* [Problem to solve]
The whole listing that follows, pictures excepted, should be printed again exactly as given.

* [Material to process]
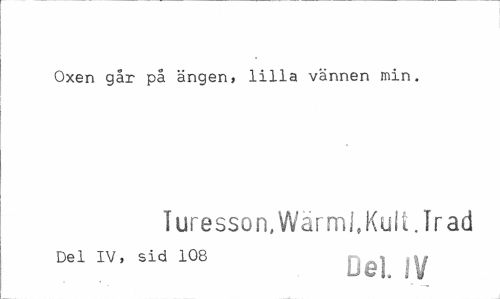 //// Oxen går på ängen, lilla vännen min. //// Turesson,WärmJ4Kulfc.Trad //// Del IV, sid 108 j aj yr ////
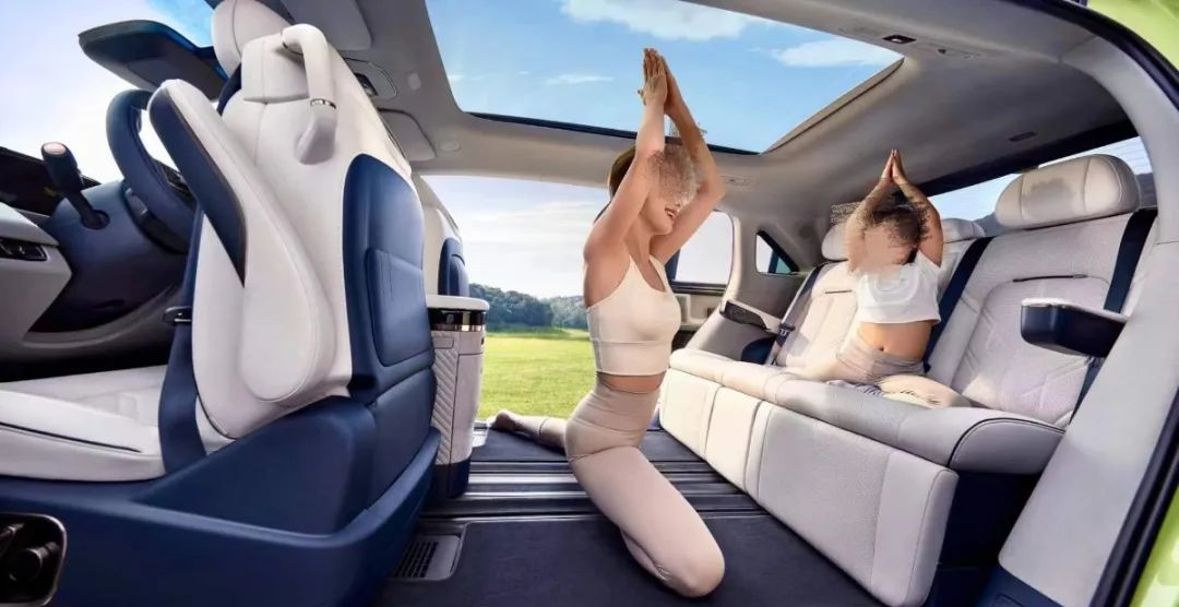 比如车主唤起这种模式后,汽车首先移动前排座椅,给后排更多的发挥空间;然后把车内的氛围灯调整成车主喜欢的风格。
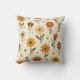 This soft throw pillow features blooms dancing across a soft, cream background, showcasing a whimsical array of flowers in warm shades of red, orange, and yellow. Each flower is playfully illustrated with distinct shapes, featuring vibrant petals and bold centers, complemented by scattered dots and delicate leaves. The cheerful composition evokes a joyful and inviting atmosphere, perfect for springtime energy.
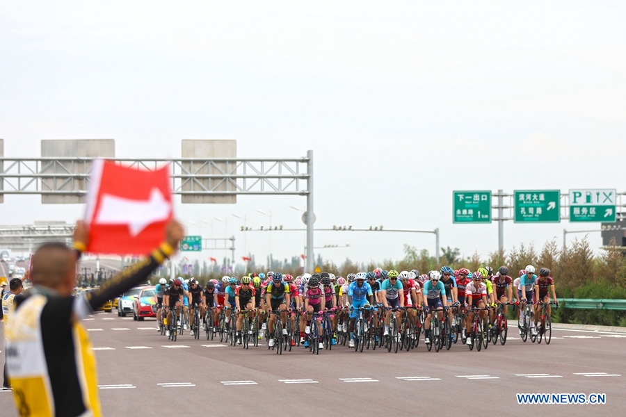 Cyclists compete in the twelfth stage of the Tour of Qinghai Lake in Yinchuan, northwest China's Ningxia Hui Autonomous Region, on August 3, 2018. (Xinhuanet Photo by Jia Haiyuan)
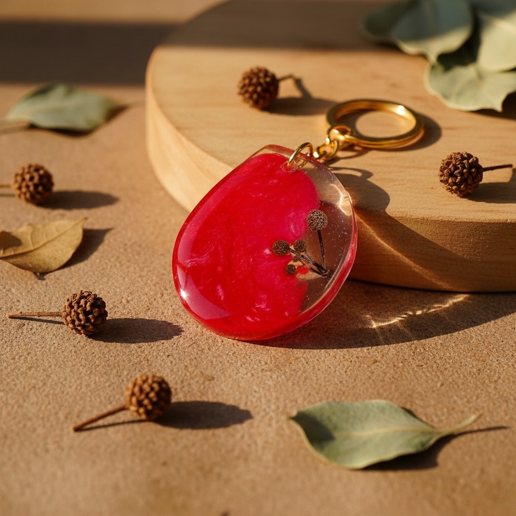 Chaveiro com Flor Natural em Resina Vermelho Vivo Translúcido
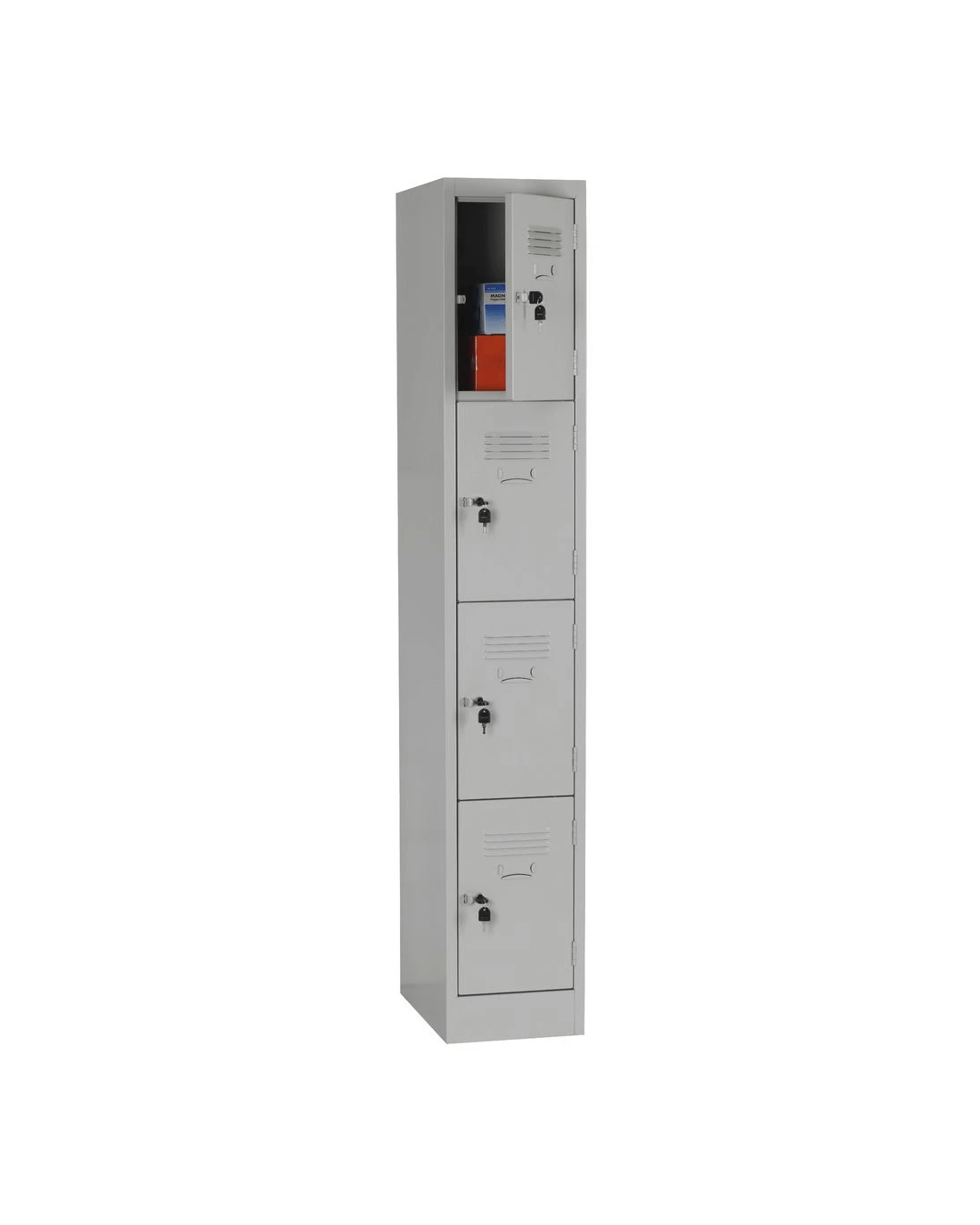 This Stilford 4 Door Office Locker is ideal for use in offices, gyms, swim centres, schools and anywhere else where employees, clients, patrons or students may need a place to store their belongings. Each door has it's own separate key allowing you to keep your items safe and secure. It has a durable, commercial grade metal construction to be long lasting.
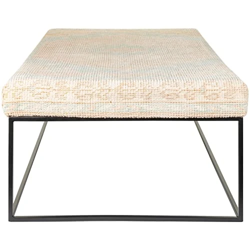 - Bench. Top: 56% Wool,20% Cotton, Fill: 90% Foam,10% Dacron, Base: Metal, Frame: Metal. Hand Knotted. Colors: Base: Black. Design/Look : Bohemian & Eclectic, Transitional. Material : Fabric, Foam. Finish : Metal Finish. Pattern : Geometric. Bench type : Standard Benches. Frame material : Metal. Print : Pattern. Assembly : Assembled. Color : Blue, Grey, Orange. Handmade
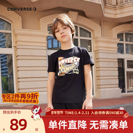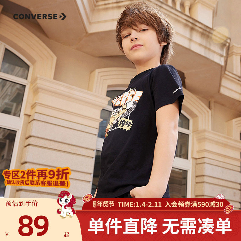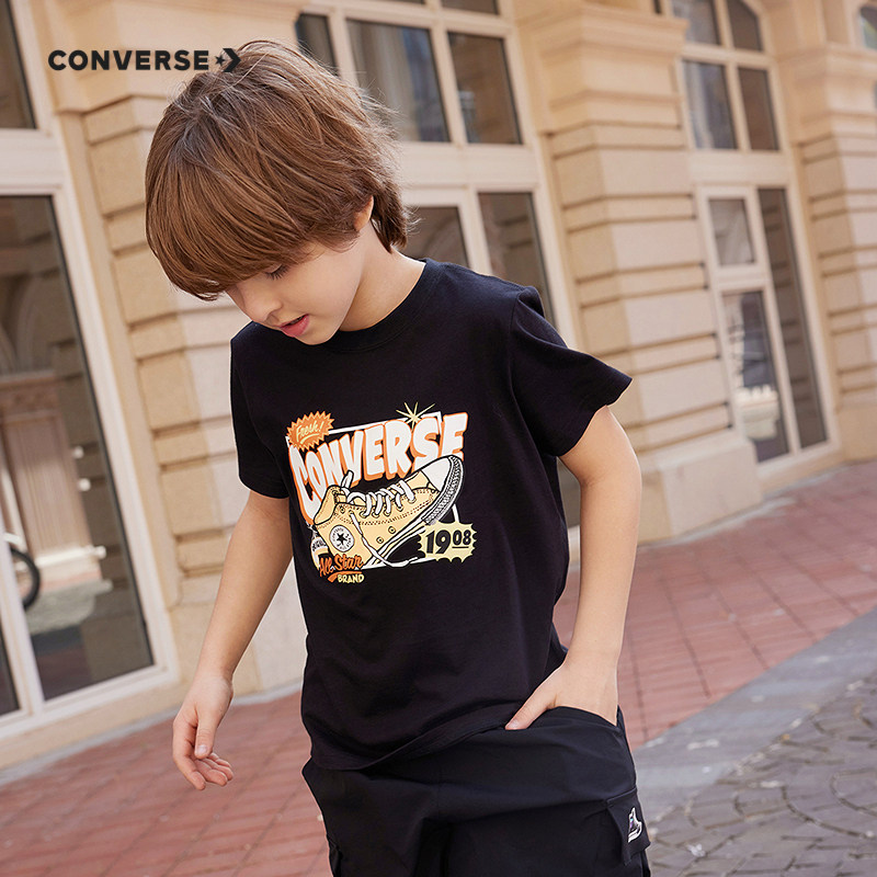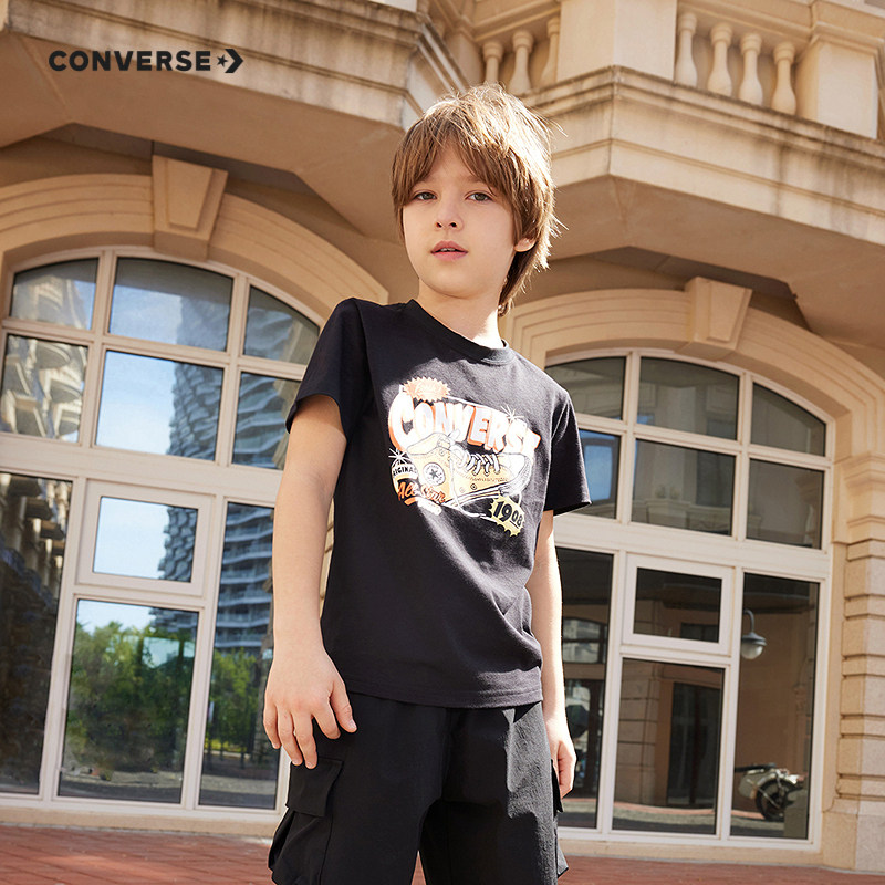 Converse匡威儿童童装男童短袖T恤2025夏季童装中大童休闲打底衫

* [Result of the task]
 //// Oxen går på ängen, lilla vännen min. //// Turesson,WärmJ4Kulfc.Trad //// Del IV, sid 108 j aj yr ////
 比如车主唤起这种模式后,汽车首先移动前排座椅,给后排更多的发挥空间;然后把车内的氛围灯调整成车主喜欢的风格。
 This soft throw pillow features blooms dancing across a soft, cream background, showcasing a whimsical array of flowers in warm shades of red, orange, and yellow. Each flower is playfully illustrated with distinct shapes, featuring vibrant petals and bold centers, complemented by scattered dots and delicate leaves. The cheerful composition evokes a joyful and inviting atmosphere, perfect for springtime energy.
 Cyclists compete in the twelfth stage of the Tour of Qinghai Lake in Yinchuan, northwest China's Ningxia Hui Autonomous Region, on August 3, 2018. (Xinhuanet Photo by Jia Haiyuan)
 Chaveiro com Flor Natural em Resina Vermelho Vivo Translúcido
 This Stilford 4 Door Office Locker is ideal for use in offices, gyms, swim centres, schools and anywhere else where employees, clients, patrons or students may need a place to store their belongings. Each door has it's own separate key allowing you to keep your items safe and secure. It has a durable, commercial grade metal construction to be long lasting.
 - Bench. Top: 56% Wool,20% Cotton, Fill: 90% Foam,10% Dacron, Base: Metal, Frame: Metal. Hand Knotted. Colors: Base: Black. Design/Look : Bohemian & Eclectic, Transitional. Material : Fabric, Foam. Finish : Metal Finish. Pattern : Geometric. Bench type : Standard Benches. Frame material : Metal. Print : Pattern. Assembly : Assembled. Color : Blue, Grey, Orange. Handmade
 Converse匡威儿童童装男童短袖T恤2025夏季童装中大童休闲打底衫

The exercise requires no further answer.